Barely a week goes by without Boeing’s 737 MAX series hitting the headlines. As the global grounding of the fleet continues to take its toll on regional airline operations, it appears that the light at the end of the tunnel, in terms of getting the type back into service, by the end of 2019, has been turned out once again.
A recent announcement by the Federal Aviation Administration (FAA) that it’s removed Boeing’s ability to issue its own airworthiness certificates for the MAX, and a statement by an FAA representative that: “The FAA would take all the time it needs,” to review the current procedures, means it’s now unlikely the jet will be back in service by the New Year.

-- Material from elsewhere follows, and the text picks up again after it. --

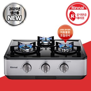 25년형 린나이 고화력 3구 가스레인지로, 실버 매립형 디자인과 안정적인 LNG 연소를 제공하며 다양한 요리에 적합한 제품입니다.

Adding to Boeing’s woes, the manufacturer will be unable to deliver any new MAX aircraft to some of its biggest clients in the numbers it anticipated. This is due to a recent discovery of a design fault with the over-wing exit on its MAX 8, the 787-8-200. These aircraft were due to enter service with Ryanair earlier this year, in substantial numbers, following an order for a 135 of the type placed back in 2014. The original plan called for the first batch to arrive in time for Ryanair’s 2019 summer season. Now, according to a leaked memo sent to Ryanair’s pilots by the low-fare giant’s chief operating officer, Neal McMahon, the carrier will have to revise its fleet plans once again. Only 10 MAX aircraft are expected to arrive in time for the 2020 summer period.
Given the costs involved of purchasing commercial aircraft, you can’t help but admire the loyalty of many LCCs by sticking with Boeing, and its efforts to resolve the numerous issues with the MAX series. I just hope that after one summer of upheaval within the regional airline industry, the operators are able to financially weather yet another summer storm ahead.